Asymmetric sunlight effect on dayside/nightside auroral precipitation

Abstract

There are considerable evidence supporting the novel finding from intensive particle observations that electron acceleration events responsible for producing discrete arcs are more common in darkness than in sunlight [Newell et al., 1996a]. This sunlight effect on the production of auroral arcs is most dramatic in the pre-midnight sector, and it is still unclear whether the dayside auroras have the same response to the sunlight as the nightside auroras. In this paper we investigate this issue by using auroral images acquired from the ultraviolet imager (UVI) on board the Polar satellite.

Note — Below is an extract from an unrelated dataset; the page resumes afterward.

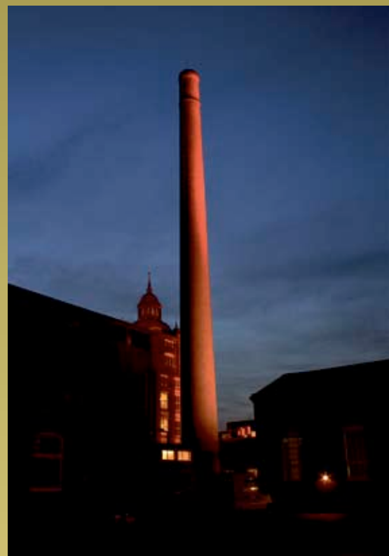
Skorsten Krokslätt Fabriker, Göteborg Armaturnightspot Ljusdesign Hampus Sjöström. WSP Ljusdesign, Göteborg.

By analyzing auroral emission in the long Lyman-Birge-Hopfield band (160 – 180 nm), which is approximately proportional to the total energy flux of precipitating electrons over a wide range of auroral electron energies, one can estimate the total energy deposition rate from auroral precipitation. To emphasize the sunlight effect on auroras seasonal averages of auroral luminosities are derived for the winter of 1996 and the summer of 1997 (4 weeks before and after the solstices). It is shown again that auroral intensity in the premidnight sector is suppressed in sunlight. On the contrary, dayside auroral intensity is generally enhanced in sunlight, indicating a different source mechanism for the dayside aurora from the nightside auroras. The suppression of nightside auroras in sunlight is usually attributed to a feedback mechanism, associated with the ionospheric conductivity, when the nightside magnetosphere acts as a current generator. Since precipitating electrons that produce dayside auroras are associated with upward field-aligned currents, the enhancement of dayside auroras in sunlight can be interpreted as a simple circuit system in which the ionosphere is a load and the dayside magnetosphere is a voltage generator.